Project: EDUCE Enhanced Digital Unwrapping for Conservation and Exploration
Over the past week I’ve been pretty busy. This was the first week all of the summer interns have been here. I’ve been trying to do what I can to help some of the others get more comfortable with what they are working on. Up to this point that has mostly involved installing libraries (ITK, OpenCV, etc) on the machines and introducing the some of the others to Linux.
On Thursday we came in to find that one of the hard drives in one of our computers had died. Unfortunately, the way the disks were set up caused us to lose some data (the /home partition specifically). Luckily the majority of what was on there wasn’t really critical, it had primarily been used as a learning environment for gaining familiarity with Apache and Drupal. On the plus side I’ve become a lot more familiar with software RAIDs in Linux.
This week I worked primarily with ITK. After getting the library set up properly I started playing around with some of the basic examples, trying to get a feel for the CMakeList files and the library itself. The pipeline seems pretty straightforward, most everything is a class, and you set up the input of one class and then pass it’s output as the input to the next. Rinse and repeat. The next step is to start testing out ITK on some three-dimensional data.
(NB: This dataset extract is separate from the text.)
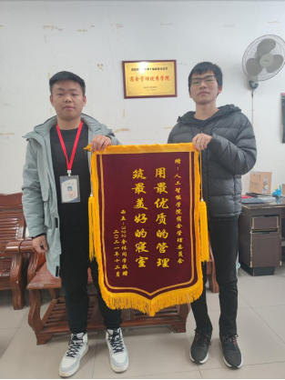 在过去的一年里,无任何重大寝室安全事件发生,学院寝室总体运行平稳。在学工处组织的寝室安全卫生等方面考核中,我院多次获得第一。学院四星级寝室比例占40.33%,全校第一。正如锦旗所题“用最优质的管理,筑就最美好的寝室”

I have been working on developing an algorithm for unwrapping the volumetric scroll. I had a general idea of finding the edge of the scroll, taking the outside layer off, dealing with that single layer, and then repeating. Talking with Ryan gave a little more insight into the viability of this approach, as well as a few adjustments. The big question I was left with was how to switch between the representation of data as voxels and meshes. A discussion with Dr. Seales helped to resolve this issue. The plan is to create a mesh around the perimeter if the scroll and take the average intensity of the voxels in the neighborhood of each vertex, and assign that intensity to the vertex. If we have a uniform mesh we can then use it to assign the intensity of each vertex to a single pixel in an image, essentially unrolling one layer at a time. After that we contract the mesh and repeat. The next step is to move on to implementation!